It has also been changed into a singly linked-list. In micro-benchmarks
traversing the linked-list was faster than binary search on `List<T>`.
Even for quite large input sizes (e.g: 1,000,000), surprisingly.
Could be because the code gen for traversing the linked-list is much
much cleaner and there is no virtual dispatch happening when checking if
intervals overlaps.
* Turn `LiveInterval` into an iterator
The LSRA allocates in forward order and never inspect previous
`LiveInterval` once they are expired. Something similar can be done for
the `LiveRange`s within the `LiveInterval`s themselves.
The `LiveInterval` is turned into a iterator which expires `LiveRange`
within it. The iterator is moved forward along with interval walking
code, i.e: AllocateInterval(context, interval, cIndex).
* Remove `LinearScanAllocator.Sources`
Local methods are less susceptible to do allocations than lambdas.
* Optimize `GetOverlapPosition(interval)` a bit
Time complexity should be in O(n+m) instead of O(nm) now.

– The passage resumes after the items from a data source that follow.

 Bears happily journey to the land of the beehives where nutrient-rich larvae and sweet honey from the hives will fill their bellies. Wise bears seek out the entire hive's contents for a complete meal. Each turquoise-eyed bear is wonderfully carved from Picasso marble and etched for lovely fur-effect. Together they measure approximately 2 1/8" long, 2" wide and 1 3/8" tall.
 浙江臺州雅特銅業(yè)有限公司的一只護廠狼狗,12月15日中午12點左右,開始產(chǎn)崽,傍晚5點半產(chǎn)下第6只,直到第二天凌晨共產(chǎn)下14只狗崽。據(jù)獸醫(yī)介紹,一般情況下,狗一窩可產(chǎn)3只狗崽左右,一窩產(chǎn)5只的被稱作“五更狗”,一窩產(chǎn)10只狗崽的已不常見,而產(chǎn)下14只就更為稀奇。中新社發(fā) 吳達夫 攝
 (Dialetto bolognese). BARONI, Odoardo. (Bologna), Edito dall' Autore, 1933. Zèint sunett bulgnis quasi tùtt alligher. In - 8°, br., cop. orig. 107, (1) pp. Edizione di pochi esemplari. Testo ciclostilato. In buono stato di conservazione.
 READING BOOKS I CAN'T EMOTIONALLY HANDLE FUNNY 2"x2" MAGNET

* Optimize `NumberLocals` a bit
Use the same idea as in `HybridAllocator` to store the visited state
in the MSB of the Operand's value instead of using a `HashSet<T>`.
* Optimize `InsertSplitCopies` a bit
Avoid allocating a redundant `CopyResolver`.

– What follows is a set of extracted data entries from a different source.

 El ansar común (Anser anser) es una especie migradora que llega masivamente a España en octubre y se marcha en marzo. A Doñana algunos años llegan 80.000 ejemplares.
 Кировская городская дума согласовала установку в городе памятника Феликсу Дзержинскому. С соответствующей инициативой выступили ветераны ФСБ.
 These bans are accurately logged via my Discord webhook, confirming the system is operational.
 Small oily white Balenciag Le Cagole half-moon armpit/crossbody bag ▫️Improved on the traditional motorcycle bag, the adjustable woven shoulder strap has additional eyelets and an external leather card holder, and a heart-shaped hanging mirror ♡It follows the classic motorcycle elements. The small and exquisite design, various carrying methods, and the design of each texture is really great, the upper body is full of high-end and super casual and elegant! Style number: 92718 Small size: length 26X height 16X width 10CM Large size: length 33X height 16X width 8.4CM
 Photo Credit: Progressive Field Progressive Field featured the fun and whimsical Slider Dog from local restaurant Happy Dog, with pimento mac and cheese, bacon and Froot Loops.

* Optimize `InsertSplitCopiesAtEdges` a bit
Avoid redundant allocations of `CopyResolver`.
* Use stack allocation for `freePositions`
Avoid redundant computations.
* Add `UseList`
Replace `SortedIntegerList` with an even more specialized data
structure. It allocates memory on the arena allocators and does not
require copying use positions when splitting it.
* Turn `LiveInterval` into a reference struct
`LiveInterval` is now a reference wrapping struct like `Operand` and
`Operation`.
The rationale behind turning this in a reference wrapping struct is
because a `LiveInterval` is associated with each local variable, and
these intervals may themselves be split further. I've seen translations
having up to 8000 local variables.
To make the `LiveInterval` unmanaged, a new data structure called
`LiveIntervalList` was added to store child splits. This differs from
`SortedList<,>` because it can contain intervals with the same start
position.
Really wished we got some more of C++ template in C#. :^(
* Optimize `GetChildSplit` a bit
No need to inspect the remaining ranges if we've reached a range which
starts after position, since the split list is ordered.

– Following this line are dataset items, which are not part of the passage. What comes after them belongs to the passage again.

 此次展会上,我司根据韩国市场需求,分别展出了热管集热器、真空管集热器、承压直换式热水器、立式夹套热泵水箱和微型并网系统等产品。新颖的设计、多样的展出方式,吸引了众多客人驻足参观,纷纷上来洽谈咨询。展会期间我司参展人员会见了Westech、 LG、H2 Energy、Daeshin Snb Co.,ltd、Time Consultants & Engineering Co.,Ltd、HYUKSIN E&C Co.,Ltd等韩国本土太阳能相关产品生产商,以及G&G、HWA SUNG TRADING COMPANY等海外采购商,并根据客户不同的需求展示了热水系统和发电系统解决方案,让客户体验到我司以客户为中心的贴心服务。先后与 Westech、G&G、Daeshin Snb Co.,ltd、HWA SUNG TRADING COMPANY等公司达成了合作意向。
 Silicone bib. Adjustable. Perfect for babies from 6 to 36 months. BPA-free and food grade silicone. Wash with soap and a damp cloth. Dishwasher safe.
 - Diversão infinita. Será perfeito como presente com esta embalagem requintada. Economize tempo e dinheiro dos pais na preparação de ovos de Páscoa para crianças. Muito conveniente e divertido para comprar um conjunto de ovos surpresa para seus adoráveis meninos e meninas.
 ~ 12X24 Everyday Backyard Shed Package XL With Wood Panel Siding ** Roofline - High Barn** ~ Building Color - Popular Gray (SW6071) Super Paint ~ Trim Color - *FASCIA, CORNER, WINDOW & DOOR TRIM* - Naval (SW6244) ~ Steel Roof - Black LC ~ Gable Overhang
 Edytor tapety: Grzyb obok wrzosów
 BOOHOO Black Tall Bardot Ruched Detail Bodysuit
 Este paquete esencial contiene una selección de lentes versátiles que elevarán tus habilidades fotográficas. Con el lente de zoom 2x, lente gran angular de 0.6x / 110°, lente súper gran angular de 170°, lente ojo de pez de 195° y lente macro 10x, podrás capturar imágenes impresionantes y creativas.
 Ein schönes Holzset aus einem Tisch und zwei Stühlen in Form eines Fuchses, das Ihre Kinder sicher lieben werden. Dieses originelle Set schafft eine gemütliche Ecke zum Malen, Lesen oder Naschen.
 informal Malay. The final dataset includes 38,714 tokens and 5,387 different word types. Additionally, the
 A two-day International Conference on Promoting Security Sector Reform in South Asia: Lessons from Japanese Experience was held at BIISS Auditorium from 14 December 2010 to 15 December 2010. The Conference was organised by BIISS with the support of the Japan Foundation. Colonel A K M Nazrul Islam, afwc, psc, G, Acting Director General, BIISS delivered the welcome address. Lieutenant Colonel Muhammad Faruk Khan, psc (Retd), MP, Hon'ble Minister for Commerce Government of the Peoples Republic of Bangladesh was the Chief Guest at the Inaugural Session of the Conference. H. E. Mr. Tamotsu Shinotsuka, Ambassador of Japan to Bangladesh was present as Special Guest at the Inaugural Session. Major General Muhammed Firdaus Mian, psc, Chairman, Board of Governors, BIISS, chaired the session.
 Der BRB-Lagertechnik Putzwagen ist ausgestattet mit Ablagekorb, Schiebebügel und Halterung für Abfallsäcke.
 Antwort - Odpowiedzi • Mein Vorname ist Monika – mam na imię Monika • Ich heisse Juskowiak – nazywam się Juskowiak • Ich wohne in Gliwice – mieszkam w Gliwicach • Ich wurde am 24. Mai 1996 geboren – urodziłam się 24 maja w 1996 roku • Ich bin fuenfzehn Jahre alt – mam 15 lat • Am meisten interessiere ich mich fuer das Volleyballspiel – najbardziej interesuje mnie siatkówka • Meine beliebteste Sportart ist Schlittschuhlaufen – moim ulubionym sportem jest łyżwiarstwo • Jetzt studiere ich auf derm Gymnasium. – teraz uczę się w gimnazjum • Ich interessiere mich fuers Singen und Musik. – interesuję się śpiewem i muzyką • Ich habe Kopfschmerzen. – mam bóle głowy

* Optimize `CopyResolver` a bit
Lazily allocate the fill, spill and parallel copy structures since most
of the time only one of them is needed.
* Optimize `BitMap.Enumerator` a bit
Marking `MoveNext` as `AggressiveInlining` allows RyuJIT to promote the
`Enumerator` struct into registers completely, reducing load/store code
a lot since it does not have to store the struct on the stack for ABI
purposes.
* Use stack allocation for `use/blockedPositions`
* Optimize `AllocateWithSpill` a bit
* Address feedback
* Make `LiveInterval.AddRange(,)` more conservative
Produces no diff against master, but just for good measure.
* Add `Operand.Label` support to `Assembler`
This adds label support to `Assembler` and enables branch tightening
when compiling with relocatables. Jump management and patching has been
moved to the `Assembler`.
* Move instruction table to `Assembler.Table`
* Set PTC internal version
* Rename `Assembler.Table` to `AssemblerTable`